Desired use case for obsmarkers / visibility

Pulkit Goyal 7895pulkit at gmail.com
Wed Nov 15 15:01:55 EST 2017


I agree that the exchange of obsmarkers don't have a very good UI. Not
only the prune markers, in case of divergence we don't have a good UI
yet. I have an idea as follows:

1) Let's keep push behavior as what it is today.

2) For each pull, let's write a state file (or some obsfile) which
will store the information of obsmarkers pulled which changed the
existing state.
For example: If Alice pulls, we will store information related to
obsmarkers which are created on Alice changesets by someone else. We
can make this logic a bit smart and also include obsmarkers which
causes divergence.

3) Introduce a new command or plug the functionality into pull where
user can see what are the changes caused by pull using the state file
stored in part 2 and can confirm which changes to keep. In case a user
does not want to revive a changeset which was pruned by someone else,
the command will do that. In case of divergence, user can pick which
one to choose and the command can create a obsmarker obsoleting the
one user didn't want in favor on one he wants. I am already thinking
how good a curses UI will be for this.

4) By storing information as mentioned in 2nd point, we can also know
which pruned changesets we need to keep visible for sometime until
either the user confirms the prune or revive that.

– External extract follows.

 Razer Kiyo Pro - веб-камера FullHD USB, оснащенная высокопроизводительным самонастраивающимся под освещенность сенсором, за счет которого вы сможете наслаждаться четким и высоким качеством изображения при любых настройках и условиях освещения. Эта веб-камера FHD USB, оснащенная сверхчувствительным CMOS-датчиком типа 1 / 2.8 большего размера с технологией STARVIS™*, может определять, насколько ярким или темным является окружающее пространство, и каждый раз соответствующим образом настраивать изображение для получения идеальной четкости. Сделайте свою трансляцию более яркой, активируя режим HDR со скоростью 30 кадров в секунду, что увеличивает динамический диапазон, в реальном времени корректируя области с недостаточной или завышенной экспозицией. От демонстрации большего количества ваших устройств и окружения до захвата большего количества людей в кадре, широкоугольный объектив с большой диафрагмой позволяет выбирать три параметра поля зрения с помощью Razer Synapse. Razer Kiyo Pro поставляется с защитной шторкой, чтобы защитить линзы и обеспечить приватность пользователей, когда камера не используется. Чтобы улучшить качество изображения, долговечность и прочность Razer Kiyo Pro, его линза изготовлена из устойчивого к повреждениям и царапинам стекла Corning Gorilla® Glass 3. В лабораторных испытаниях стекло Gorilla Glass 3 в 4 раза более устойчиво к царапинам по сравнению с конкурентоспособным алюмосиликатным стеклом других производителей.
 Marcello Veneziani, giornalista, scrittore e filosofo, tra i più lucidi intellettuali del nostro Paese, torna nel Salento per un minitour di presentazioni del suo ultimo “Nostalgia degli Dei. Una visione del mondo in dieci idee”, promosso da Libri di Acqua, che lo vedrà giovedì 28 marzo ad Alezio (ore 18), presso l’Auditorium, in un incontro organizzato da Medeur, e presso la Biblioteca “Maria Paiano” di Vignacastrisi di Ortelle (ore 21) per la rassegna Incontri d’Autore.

This will cause problems in cases when a user works with multiple
accounts which I think can be solved by having a concept of user alias
or user group kind of thing.

On Thu, Nov 16, 2017 at 1:15 AM, Jun Wu <quark at fb.com> wrote:
> Excerpts from Augie Fackler's message of 2017-11-15 14:15:44 -0500:
>> > On Nov 15, 2017, at 14:12, Jun Wu <quark at fb.com> wrote:
>> > I think there are 2 kinds of "prune"s that might be treated differently:
>> >
>> >  o C                       o C
>> >  |                         |
>> >  x B (B -> (), parent A)   | x B (B -> (), parent A)
>> >  |                         |/
>> >  o A                       o A
>> >
>> > When pulling "C", I guess it's reasonable to pull the marker for the left
>> > case.  The right case might want an option.
>>
>> I think the left case is only viable because the change already doesn't
>> disappear due to the anchoring of C. I think it's still plausible (likely
>> even?) that the user will want to revise B and continue with it, or will
>> otherwise prune the change locally if it ended up being a dead end.
>
> My understanding was from a "branch" perspective, less about visibility:
>
> By getting a marker in the left case, the user has a chance to solve
> instability for "C" (the branch they care about) locally and sync a solution
> to the server (otherwise the server might stay unresolved). In the right
> case, they don't care about "B" branch right now (since B is not an ancestor
> of C) so markers there do not matter.
>
> But I understand it also makes sense sometimes to avoid the prune marker
> even in this case.
>
> I don't have a quick and "correct" solution right now. If we could make
> more changes, I think a possible final situation that also simplifies a lot
> of things is like:
>
>   - Visibility is tracked at an level (probably even lower than phases),
>     revised (like pinned_revs) at higher levels.
>   - There are only 1:1 mapping markers. No prunes or splits.
>   - A marker could have an optional "rebase hint" flag. Once set, it does
>     not obsolete anything, but is only used for helping decide rebase
>     destination. When splitting A to B and C, write a "rebase hint" marker
>     from A to C and change visibility to hide A.
>
> This actually disallows the above left case - rebase immediately is the only
> way to get rid of commits in a stack.